Servant-Leadership - KNOW Yourself: Purpose

On your journey to becoming a better leader, especially moving along the path to mastering servant-leadership, understanding your purpose is vital and demands of you some powerful introspection. The fundamental question is: how can you lead anyone if you don’t really know where you are going?

Do you know why you are here on earth? Is your life, like all lives, ultimately an expression of random chance? Or were you created for meaning and purpose?

Where are you headed – ultimately? When you’re dead, you are just dead, right? Or do your choices in this life have a meaning that has eternal implications?

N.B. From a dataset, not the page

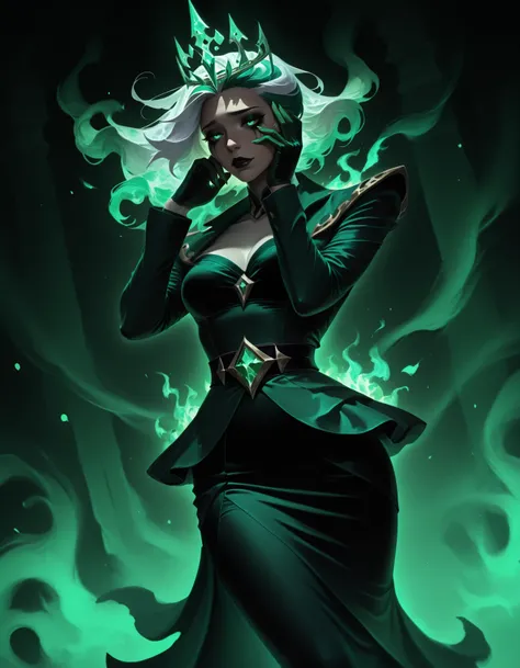 1girl, green hair, (circlet tiara), white hair, multicolored hair, green flames, ethereal, (painterly, traditional media \(artwork\)), dutch angle, pose, green theme, green fingernails, magic)runny makeup, sadofficial alternate costume

Does your life have meaning that is not just self-centered? Is it all about you? Are you just a mass of chemicals that evolution somehow connected that give birth to your body, mind and spirit? Do you believe that God created humans in His image and made humans “living spirits” – beings that are eternal?

What is your understanding about God? Is He the great “watch-maker” who wound it all up and has just “walked away” and let the watch run its course? Do you think that evolution really did happen but God interrupted it (in some mysterious way) to make humans special? Is God’s revelation accurate – does He exercise sovereign control over his revelation to humans (the Holy Bible) or is he playing with us, fooling us, and ultimately deceiving us? Did the Creator God make us in his image, came to us as human, died for our sin, conquered death for us so that we can be born one more time, this time in righteousness allowing us to live in the presence of a perfect God?

Is your chief purpose to glorify God and enjoy Him forever? Or is that just some religious point of view that is OK for some, but not for everybody?

How you answer these questions lays the foundation for your leadership style. Do be confused by the Zen approach to purpose – sure, humans can conquer fears, find meaning, even in suffering, and choose to be positive in the face of ugly circumstances. Good stuff – all of it. The question still remains, “so what?” What does it all matter if you gain the whole world – conquer fear, display sadness, give yourself to the poor and needy - but lose your soul?

Does your purpose have eternity in mind?